ABOUT THIS EXERCISE:
Begin at the line containing "पोखरा यातायात प्रा.लि" in the entries below and end at the line containing "Candy asztali mosogatógép"; transcribe that range exactly and nothing outside it.

(Beginning of PROVIDED INFORMATION)

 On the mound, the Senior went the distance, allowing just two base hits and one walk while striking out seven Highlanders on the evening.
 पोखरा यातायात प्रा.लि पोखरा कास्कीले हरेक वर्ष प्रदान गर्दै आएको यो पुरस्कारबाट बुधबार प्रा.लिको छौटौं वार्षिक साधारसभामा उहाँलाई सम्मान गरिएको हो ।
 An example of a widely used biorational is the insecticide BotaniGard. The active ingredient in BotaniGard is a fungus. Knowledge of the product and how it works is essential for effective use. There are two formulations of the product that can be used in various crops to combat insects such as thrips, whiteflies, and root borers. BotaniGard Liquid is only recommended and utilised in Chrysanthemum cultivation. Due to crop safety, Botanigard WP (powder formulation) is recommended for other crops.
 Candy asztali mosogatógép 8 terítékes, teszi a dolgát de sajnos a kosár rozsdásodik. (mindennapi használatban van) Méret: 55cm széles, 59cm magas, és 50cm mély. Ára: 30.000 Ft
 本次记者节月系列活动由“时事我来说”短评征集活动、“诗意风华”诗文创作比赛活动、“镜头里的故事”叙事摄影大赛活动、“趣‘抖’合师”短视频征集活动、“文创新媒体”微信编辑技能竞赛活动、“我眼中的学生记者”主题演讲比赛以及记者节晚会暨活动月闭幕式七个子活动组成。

(End of PROVIDED INFORMATION)
(Beginning of PROVIDED INFORMATION)

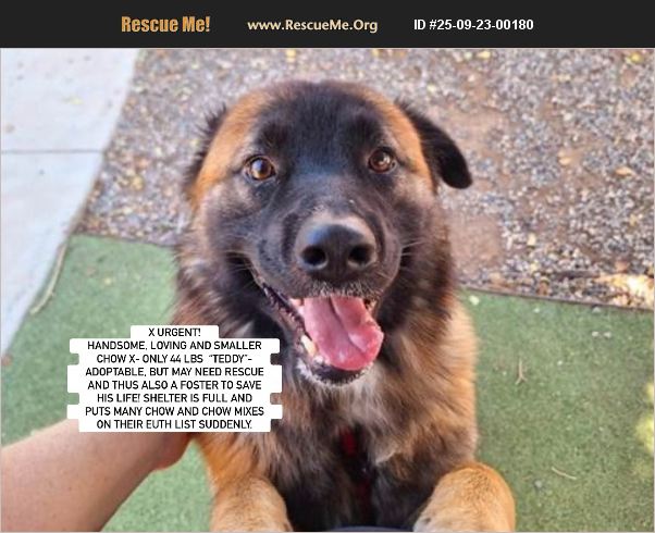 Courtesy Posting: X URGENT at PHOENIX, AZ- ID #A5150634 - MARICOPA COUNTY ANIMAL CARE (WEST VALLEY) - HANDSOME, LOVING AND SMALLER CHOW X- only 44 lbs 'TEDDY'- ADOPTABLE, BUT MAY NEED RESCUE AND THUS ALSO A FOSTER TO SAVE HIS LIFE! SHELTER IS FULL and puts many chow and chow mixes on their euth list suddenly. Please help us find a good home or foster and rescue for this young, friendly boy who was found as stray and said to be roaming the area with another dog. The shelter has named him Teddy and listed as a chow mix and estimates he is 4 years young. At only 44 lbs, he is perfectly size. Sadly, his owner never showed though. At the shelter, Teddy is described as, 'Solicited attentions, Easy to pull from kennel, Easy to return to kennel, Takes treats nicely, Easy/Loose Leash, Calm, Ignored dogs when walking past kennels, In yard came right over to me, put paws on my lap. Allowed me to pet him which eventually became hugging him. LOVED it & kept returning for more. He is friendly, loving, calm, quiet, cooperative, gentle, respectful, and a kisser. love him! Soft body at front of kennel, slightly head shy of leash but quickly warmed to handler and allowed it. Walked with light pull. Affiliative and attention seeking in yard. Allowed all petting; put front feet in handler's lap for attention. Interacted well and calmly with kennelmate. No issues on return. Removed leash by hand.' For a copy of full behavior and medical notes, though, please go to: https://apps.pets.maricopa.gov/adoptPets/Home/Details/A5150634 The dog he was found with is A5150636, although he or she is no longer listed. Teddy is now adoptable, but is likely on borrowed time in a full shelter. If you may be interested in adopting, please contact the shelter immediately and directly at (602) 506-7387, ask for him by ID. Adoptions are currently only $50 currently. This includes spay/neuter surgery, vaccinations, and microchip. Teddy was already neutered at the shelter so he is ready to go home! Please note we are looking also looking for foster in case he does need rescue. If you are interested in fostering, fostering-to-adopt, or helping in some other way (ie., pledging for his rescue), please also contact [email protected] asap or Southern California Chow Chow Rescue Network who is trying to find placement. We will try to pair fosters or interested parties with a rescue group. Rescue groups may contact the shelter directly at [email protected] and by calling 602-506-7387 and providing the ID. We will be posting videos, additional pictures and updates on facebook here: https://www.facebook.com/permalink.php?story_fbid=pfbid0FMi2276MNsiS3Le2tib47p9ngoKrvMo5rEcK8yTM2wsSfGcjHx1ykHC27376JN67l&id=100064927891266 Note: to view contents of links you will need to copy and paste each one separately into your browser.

(End of PROVIDED INFORMATION)
(Beginning of PROVIDED INFORMATION)

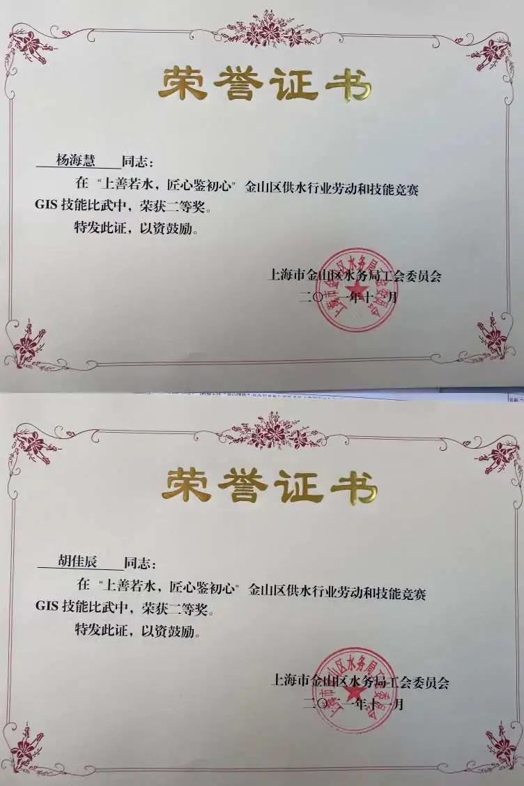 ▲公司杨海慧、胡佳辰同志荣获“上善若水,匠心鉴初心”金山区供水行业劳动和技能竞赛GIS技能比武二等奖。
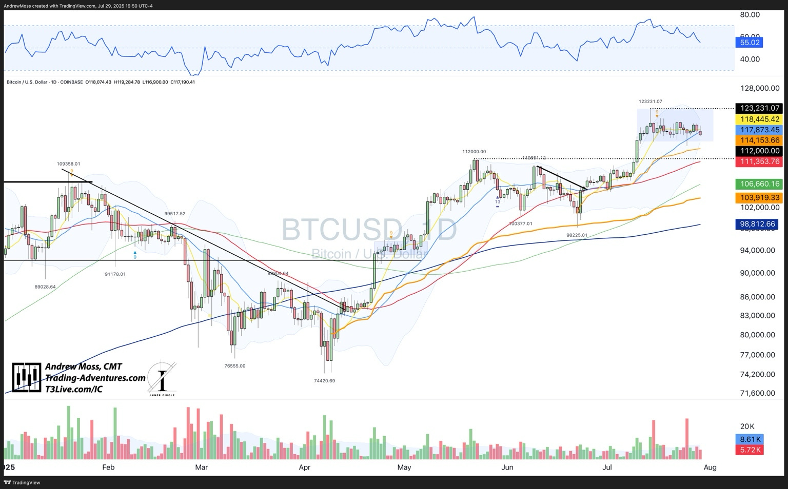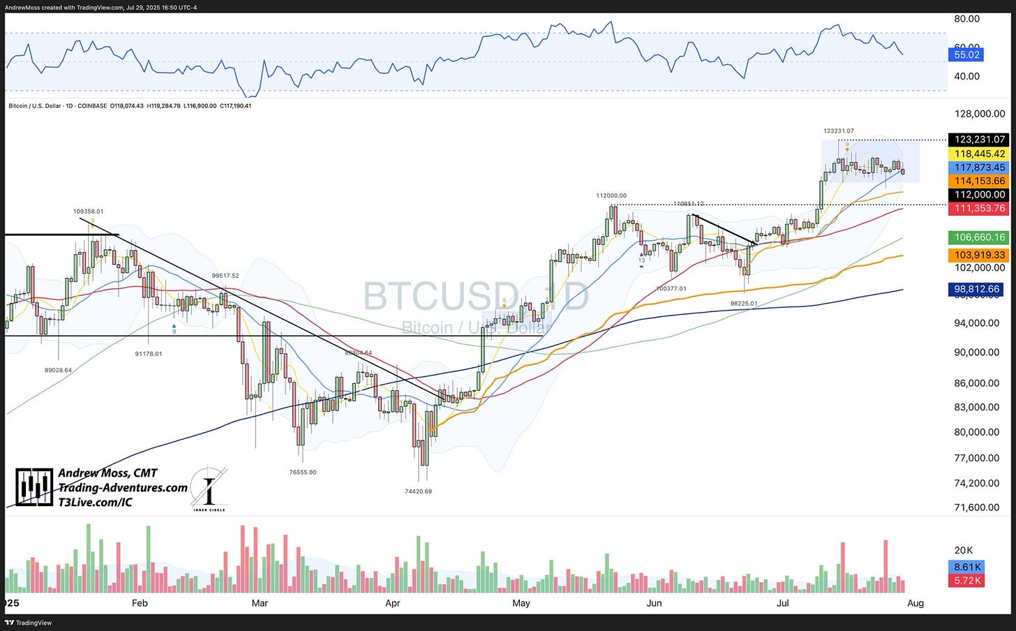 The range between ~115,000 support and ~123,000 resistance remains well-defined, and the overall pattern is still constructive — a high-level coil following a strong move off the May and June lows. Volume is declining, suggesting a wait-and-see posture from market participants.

(End of PROVIDED INFORMATION)

SOLUTION:
 पोखरा यातायात प्रा.लि पोखरा कास्कीले हरेक वर्ष प्रदान गर्दै आएको यो पुरस्कारबाट बुधबार प्रा.लिको छौटौं वार्षिक साधारसभामा उहाँलाई सम्मान गरिएको हो ।
 An example of a widely used biorational is the insecticide BotaniGard. The active ingredient in BotaniGard is a fungus. Knowledge of the product and how it works is essential for effective use. There are two formulations of the product that can be used in various crops to combat insects such as thrips, whiteflies, and root borers. BotaniGard Liquid is only recommended and utilised in Chrysanthemum cultivation. Due to crop safety, Botanigard WP (powder formulation) is recommended for other crops.
 Candy asztali mosogatógép 8 terítékes, teszi a dolgát de sajnos a kosár rozsdásodik. (mindennapi használatban van) Méret: 55cm széles, 59cm magas, és 50cm mély. Ára: 30.000 Ft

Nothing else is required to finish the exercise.